Batı, ruhban sınıfının (kilise babalarının) dini kendi yararları için araçsallaştırarak, onu bir baskı mekanizması olarak yapılandırıp, sürekli halkın ensesinde sallanan (ve sıkça gerekli görülerek enselere aniden indirilen) bir kılıcın soğukluğu, sertliği sayesinde ürettiği korkuyla, asırlarca yüz yüze yaşadı.
Engizisyon süreci bu korkunun, en çok bilinen müesses örneklerindendir.
Katolik dinine / mezhebine karşı çıkanları, onun oluşturduğu emirlere aykırı hareket edenleri cezalandırmak amacıyla 1183 yılında başlatılıp, 1834 yılında sona erdirilen Engizisyon mahkemeleri, 15. yüzyılda İspanya’daki Müslümanları ve Yahudileri de hedef alarak Avrupa’nın tamamına, hem dini hem de siyasi bir kurum olarak yayılmış ve akıllara durgunluk veren dehşetleri yaratmıştı.
Haliyle din, Batı'nın kolektif bilincine, papazlar eliyle işletilen bir zulüm mekanizması olarak kazındığı için, dini gündelik hayatın dışında tutma başarısı olarak papazların sultasına son verme çabası, sadece Batılılar için değerli ve sürdürülmesi elzem bir olgudur.

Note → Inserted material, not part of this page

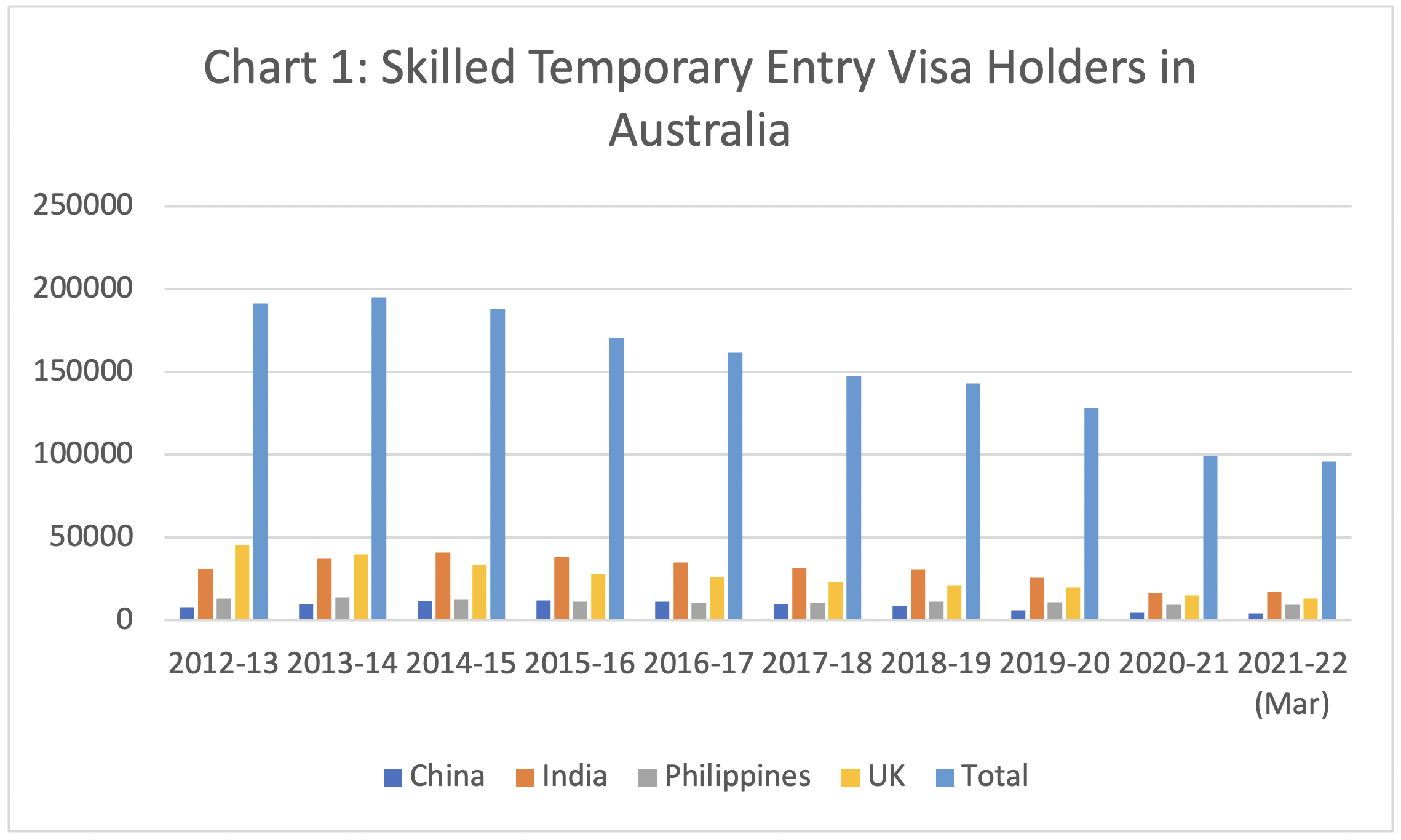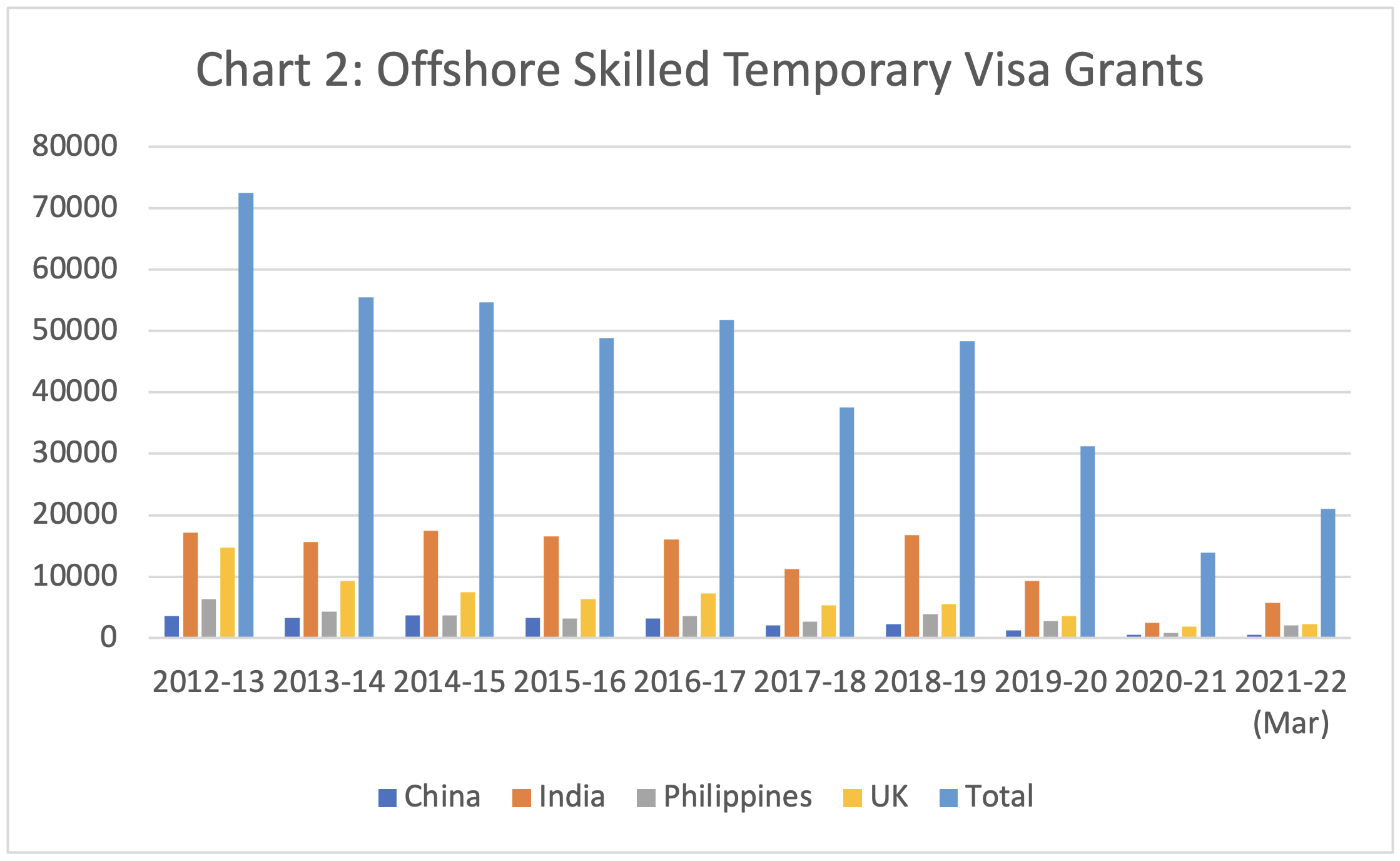 Skilled temporary visa grants in 2021-22 to end March 2022 was 20,988 and is unlikely to be much above 35,000 for the full year compared to 72,532 in 2012-13.

Ki, bu aynı zamanda, sekülerleşme (dünyevileşme), dinsiz bir hayatın imkansızlığı düşüncesi ile dinin yapılandırılmasındaki olumsuzluğun giderilmesi mücadelesinde, Batı’nın kendi deneyimleriyle, kendi selameti için ürettiği ve dolayısıyla sadece onun özelinde ve şartlarında anlaşılabilir olan bir uzlaşımdır.
Bilahare dini halkların afyonu olarak niteleyen Marks da bu uzlaşıma tabidir ve yaptığı niteleme de son tahlilde yukarıda zikrettiğimiz şekliyle Batı’nın kolektif bilincinden hareketle yaptığı bir nitelemedir.